【CT1题型探究】Payment Stream:浅谈rate of payment的函数设定
探讨CT1利息理论中连续现金流的几种积分套路。
计算出上图的公式或许不能告诉你某家奶茶店的WiFi密码,但一定能给你的考试押中一道大题——无论你参加的是IFoA的CM1新体系考试还是学校里CT1(或新体系CM1)的免试认证,payment stream都是一道必考题。
对于payment streams,即连续支付的现金流,考试时一般考察两个点:
计算 present value
计算 equivalent constant force of interest
(2)中,计算 equivalent constant force of interest,只需要令(1)中计算出的现值和连续支付的等额年金现值公式相等即可。所以解题的关键部分是(1)计算现值。
考虑一个payment stream,从a时刻支付到b时刻,rate of payment为 \(\rho(t)\),利息力为\(\delta(t)\)。则该 payment stream 在 \(a\) 时刻的现值:
\[ PV=\int_{a}^{b}\rho(t)v(t)dt \] 其中: \[ v(t)=e^{-\int_{0}^{t}\delta(s)ds} \]
这就涉及到两个积分的计算。
往年 CT1 和2019年改革以后的 CM1 考试里,payment stream的利息力 \(\delta(t)\) 一般都是一个分段函数,并且是常数函数和关于 \(t\) 的一次函数的混合函数。
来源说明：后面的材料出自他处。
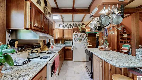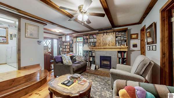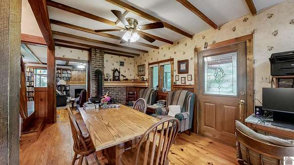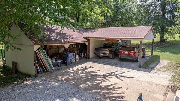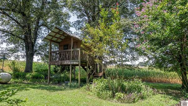 Welcome to the homestead you've been imagining, a peaceful 20-acre retreat nestled in rural Kentucky. With mixed open and wooded land, this property offers the perfect balance of privacy and productivity. The 3-4 bed, 2.5-bath home blends charm and function, featuring cherry cabinetry, granite countertops, a wood-burning stove, and whole-house generator. Enjoy relaxing mornings on the screened porch with views of the tree house and garden. Inside, thoughtful details include built-in shelves, a laundry chute, a basement that serves as a storm shelter and an attached workshop. The built-in bunk bed provides a fun and functional sleeping area for kids or guests. The primary also includes a private office--ideal for remote work or a creative space. This working farm is move-in ready and comes with outbuildings, a wildflower garden, a lap pool, and even a treehouse. Whether it's the privacy, the homesteading potential or the lovely home that draws you in, you're sure to be enchanted!

而 \(\rho(t)\) 在往年考试题中只出现过两种形式:常数函数和指数函数。以下的几个 Exercise 均为CM1真题风格。
\(\rho(t)\)为常数函数,\(\delta(t)\) 为常数函数
(更准确地讲,这里的 \(\delta(t)\) 可以是含有常数函数和关于t的一次函数的分段函数,但在payment stream需要积分的时间段里, \(\delta(t)\) 为常数函数)。
Exercise 1
An individual can obtain a force of interest per annum at time t , measured in years, as given by the formula: \[ \delta(t)=\left\{\begin{array}{ll}{0.03+0.01 t} & {0 \leq t<4} \\ {0.07} & {4 \leq t<6} \\ {0.09} & {6 \leq t}\end{array}\right. \]
- (i)Calculate the amount the individual would need to invest at time \(t = 0\) in order to receive a continuous payment stream of $3,000 per annum from time \(t = 4\) to t =10.
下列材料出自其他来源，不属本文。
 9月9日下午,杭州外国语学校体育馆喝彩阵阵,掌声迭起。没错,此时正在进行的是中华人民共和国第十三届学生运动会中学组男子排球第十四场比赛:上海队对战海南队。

- (ii)Calculate the equivalent constant annual effective rate of interest earned by the individual in part(i).
思路
我们来看第一小问。
\[ \begin{aligned} PV&=\int_{a}^{b}\rho(t)v(t)dt\\ &=\int_{4}^{10}3000v(t)dt\\ &=3000\int_{4}^{10}v(t)dt \end{aligned} \]
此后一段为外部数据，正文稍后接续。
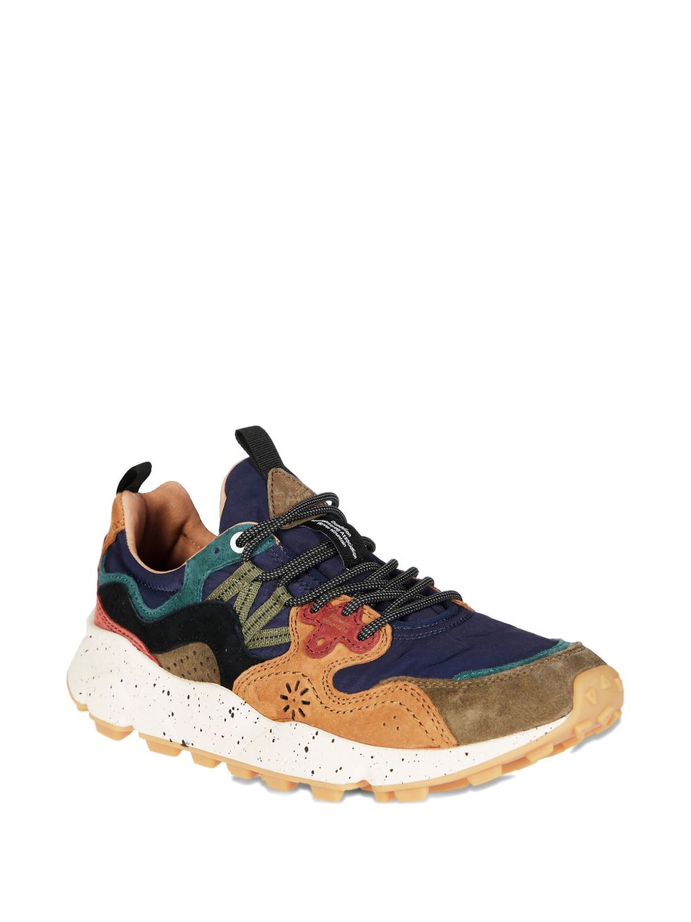 tomaia realizzata in tessuto tecnico e suede, soletta interna anatomica e antibatterica in sughero, lacci trekking, occhielli rinforzati, suola ultraleggera in gomma, battistrada dentellato

然后根据 \(v(t)=e^{-\int_{0}^{t}\delta(s)ds}\),对分段函数 \(\delta(t)\) 求积分即可。求得: \[ v(t)=\left\{ \begin{array}{cc} {e^{0.08-0.07t}} & {4 \leq t < 6}\\ {e^{0.20-0.09t}} & {6 \leq t \leq 10} \end{array} \right. \] 比较容易求得积分。可以得到: \[ \begin{aligned} P V &=3,000 \int_{4}^{6}\left(e^{0.08-0.07 t}\right) d t+3,000 \int_{6}^{10} e^{(0.20-0.09 t)} d t \\ &=\frac{3,000 e^{0.08}}{-0.07}\left[e^{-0.42}-e^{-0.28}\right]+\frac{3,000 e^{0.20}}{-0.09}\left[e^{-0.90}-e^{-0.54}\right] \\ &=4584.02+7172.83=\$ 11,756.85 \end{aligned} \]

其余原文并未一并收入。